Task description — Each line below from the line with "The King then" to the line with "TB007 - 超輕量化設計" must be copied exactly, including those two, and no picture may appear in the copy.

Data for processing —
# # # #
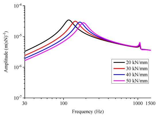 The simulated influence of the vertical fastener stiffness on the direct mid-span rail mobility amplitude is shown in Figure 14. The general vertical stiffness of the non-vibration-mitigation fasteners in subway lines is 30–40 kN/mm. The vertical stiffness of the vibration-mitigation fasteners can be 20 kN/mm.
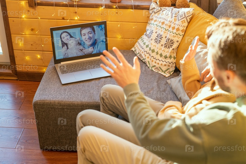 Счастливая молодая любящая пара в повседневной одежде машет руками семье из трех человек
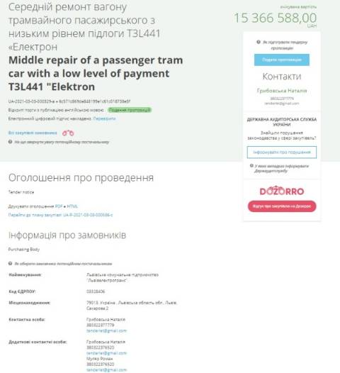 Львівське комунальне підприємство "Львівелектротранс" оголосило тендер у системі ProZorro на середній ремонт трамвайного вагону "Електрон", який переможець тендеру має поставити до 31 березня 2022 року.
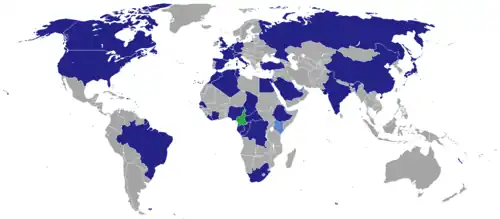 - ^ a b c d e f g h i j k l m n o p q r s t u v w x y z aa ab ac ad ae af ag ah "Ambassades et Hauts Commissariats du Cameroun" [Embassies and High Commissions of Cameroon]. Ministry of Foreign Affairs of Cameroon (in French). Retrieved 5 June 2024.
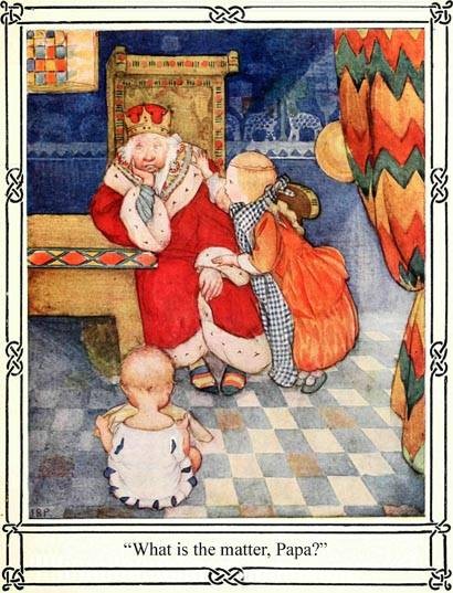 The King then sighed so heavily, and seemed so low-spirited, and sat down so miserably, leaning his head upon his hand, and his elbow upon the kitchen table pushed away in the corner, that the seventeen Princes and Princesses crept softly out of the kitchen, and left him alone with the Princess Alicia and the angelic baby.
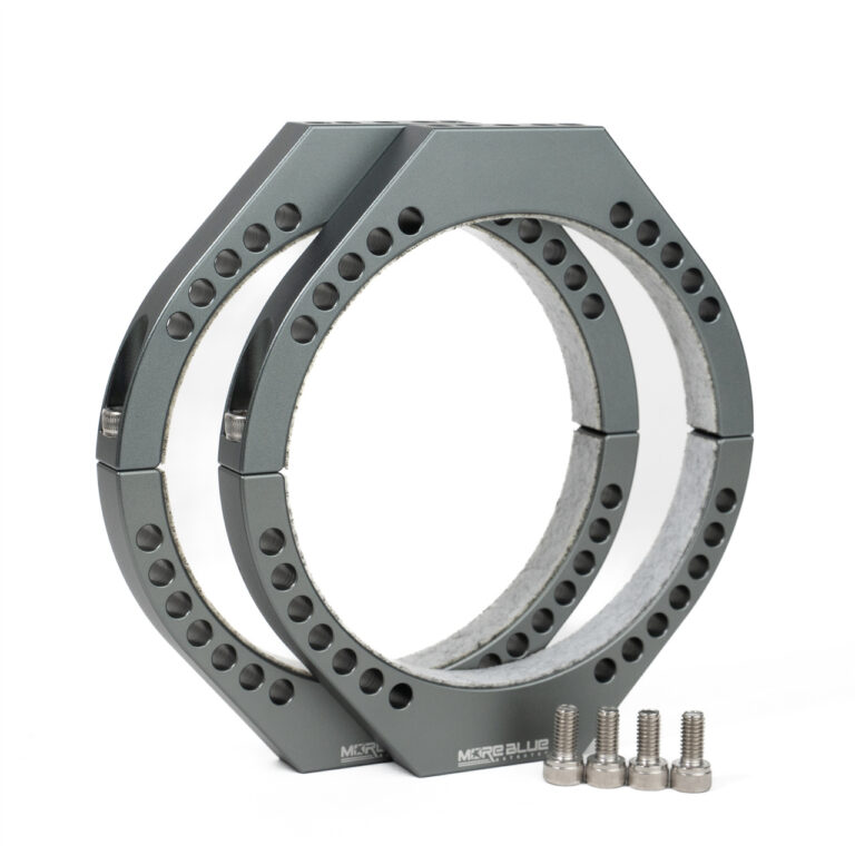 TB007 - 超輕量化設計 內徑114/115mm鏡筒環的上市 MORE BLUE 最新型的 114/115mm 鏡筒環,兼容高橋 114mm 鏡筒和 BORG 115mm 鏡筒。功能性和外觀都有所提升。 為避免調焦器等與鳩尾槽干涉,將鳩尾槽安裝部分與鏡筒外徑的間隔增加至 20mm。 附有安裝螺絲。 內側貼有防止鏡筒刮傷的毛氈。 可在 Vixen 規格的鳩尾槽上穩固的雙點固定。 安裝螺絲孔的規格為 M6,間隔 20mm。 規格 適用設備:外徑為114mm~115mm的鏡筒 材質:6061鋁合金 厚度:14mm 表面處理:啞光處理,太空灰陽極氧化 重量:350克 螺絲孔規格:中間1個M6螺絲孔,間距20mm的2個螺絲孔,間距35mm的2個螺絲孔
# # # #
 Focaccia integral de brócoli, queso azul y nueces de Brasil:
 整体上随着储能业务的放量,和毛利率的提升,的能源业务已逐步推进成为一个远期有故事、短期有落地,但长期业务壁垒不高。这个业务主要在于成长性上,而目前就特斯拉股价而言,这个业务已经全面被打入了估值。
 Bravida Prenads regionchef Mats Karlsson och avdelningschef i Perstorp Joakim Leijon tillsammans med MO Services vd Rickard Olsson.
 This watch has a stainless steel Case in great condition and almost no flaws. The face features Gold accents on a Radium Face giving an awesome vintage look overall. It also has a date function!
# # # #
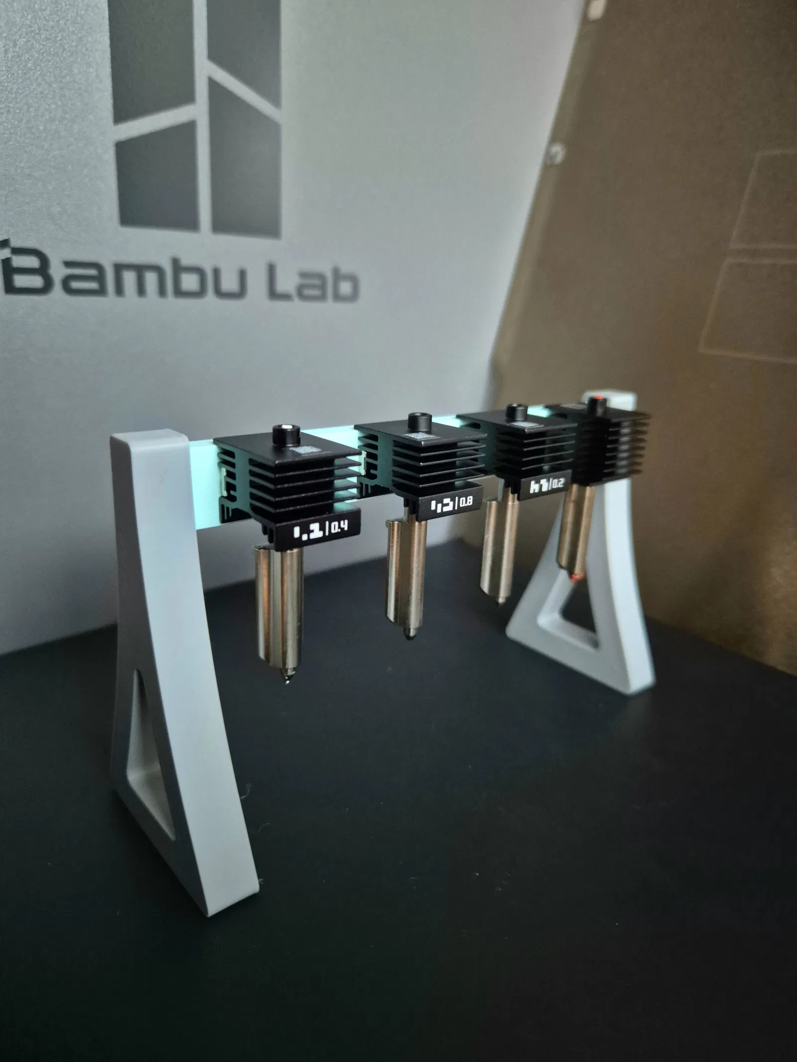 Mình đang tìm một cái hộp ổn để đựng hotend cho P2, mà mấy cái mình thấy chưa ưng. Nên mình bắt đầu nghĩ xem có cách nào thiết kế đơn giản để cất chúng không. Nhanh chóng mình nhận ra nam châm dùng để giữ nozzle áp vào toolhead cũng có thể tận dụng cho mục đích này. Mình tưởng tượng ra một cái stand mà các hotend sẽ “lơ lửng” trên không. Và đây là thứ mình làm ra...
# # # #
Output —
 The King then sighed so heavily, and seemed so low-spirited, and sat down so miserably, leaning his head upon his hand, and his elbow upon the kitchen table pushed away in the corner, that the seventeen Princes and Princesses crept softly out of the kitchen, and left him alone with the Princess Alicia and the angelic baby.
 TB007 - 超輕量化設計 內徑114/115mm鏡筒環的上市 MORE BLUE 最新型的 114/115mm 鏡筒環,兼容高橋 114mm 鏡筒和 BORG 115mm 鏡筒。功能性和外觀都有所提升。 為避免調焦器等與鳩尾槽干涉,將鳩尾槽安裝部分與鏡筒外徑的間隔增加至 20mm。 附有安裝螺絲。 內側貼有防止鏡筒刮傷的毛氈。 可在 Vixen 規格的鳩尾槽上穩固的雙點固定。 安裝螺絲孔的規格為 M6,間隔 20mm。 規格 適用設備:外徑為114mm~115mm的鏡筒 材質:6061鋁合金 厚度:14mm 表面處理:啞光處理,太空灰陽極氧化 重量:350克 螺絲孔規格:中間1個M6螺絲孔,間距20mm的2個螺絲孔,間距35mm的2個螺絲孔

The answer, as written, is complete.